MCE hardware error finally resolved
My KDE Neon crashes intermittently for the past 2 years without a clear pattern or trigger. I suppose the only hint was that it often (not always) happens when I was using graphic intensive software, such as video player or remote desktop. But also happens during a cold boot up, or when the monitors wake up from sleep. It's mostly unpredictable.

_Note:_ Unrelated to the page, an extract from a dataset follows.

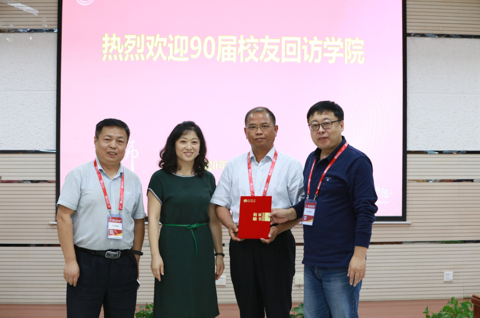 上午9时,化学系90届返校校友乘车从雁塔校区来到长安校区终南音乐厅参加学校1990届毕业生毕业30年纪念大会。学校党政领导,时任校领导、系领导和任课教师代表,各地校友会会长、副会长、秘书长,以及各学院、相关职能部门负责人出席了大会。房喻教授受学校和校友邀请参加了全程纪念活动。化学系90届校友代表王琪为时任教师代表周宝石老师献花,以谢授业之恩、传道之情,并代表化学系校友接受学校赠送的《师大故事》。

What made the diagnosis confusing is the kernel log mostly shows error like this:
mce: [Hardware Error]: CPU 19: Machine Check: 0 Bank 5: bea0000001000108
mce: [Hardware Error]: TSC 0 ADDR 7f0d1a36c7e5 MISC d012000100000000 SYND 4d000000 IPID 500b000000000
mce: [Hardware Error]: PROCESSOR 2:a20f10 TIME 1689465218 SOCKET 0 APIC 7 microcode a201025
Basically hints towards CPU being unstable and crashes. I have tried:
- Voltage bias (to simulate Windows settings), disabling
PBO
and Overdrive; - Disable D.O.C.P (XMP profile), running my RAM at low frequency;
- Updating
mesa
and kernel firmware
Nothing worked.
Recently after another fatal crash, I investigated the matter further and came across these 2 pages, where a group of people have been debugging this issue together for almost 2 years:
- https://bbs.archlinux.org/viewtopic.php?id=264997
- https://gitlab.freedesktop.org/drm/amd/-/issues/1481
Majority of users described the same issue that I have experienced, and they have made some amazing discoveries.

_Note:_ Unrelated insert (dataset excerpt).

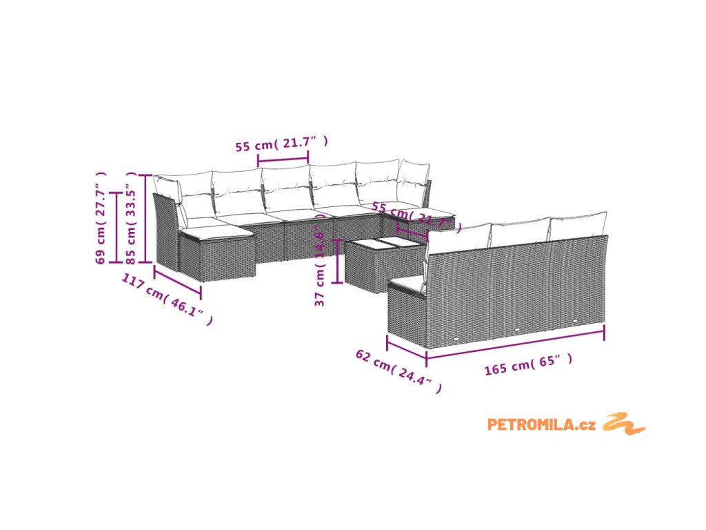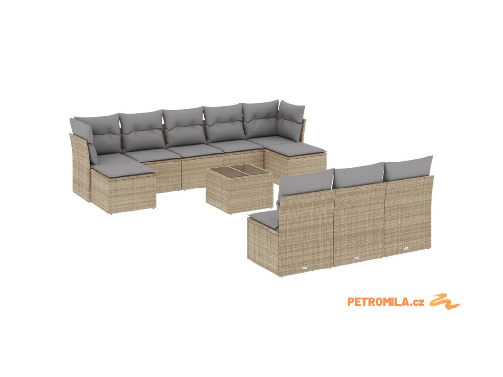 11dílný zahradní sedací souprava s poduškami béžový polyratan

They have found the comment from AMD's Richard T:
bea0000000000108 means the thread has stopped executing…this is longest timeout, all other hardware fault timers would/should fire before this. […] this case has lots of possible causes…OS, App, voltage , temp, board hardware(power delivery cases), memory (are you running ECC memory ?)
And a genius named Leonardo Gates commented:
This issue has been prevalent across all the RX 5000 series cards it seems (I've seen this on the 5500XT/5600XT/5700/5700XT) as on Windows, it will trigger a WHEA-18 error (Cache-Hierarchy error) while on Linux it gives this MCE, bea0000000000108. I highly suspect this is either a hardware errata or due to faulty hardware (as even people I've spoken to that did RMAs, still got the error). I'm genuinely wondering if there will ever be a fix for this since it's been almost 2 years and this is pretty much the only problem I have with my GPU.
In other words, the root problem was probably my GPU - RX 5700XT itself, nothing to do with my CPU, RAM or motherboard.
And the solution was to upgrade to a different GPU, such as the RX 6000 or 7000 series.
So I picked up an RX 7600 today. Let's see how long this solution holds up.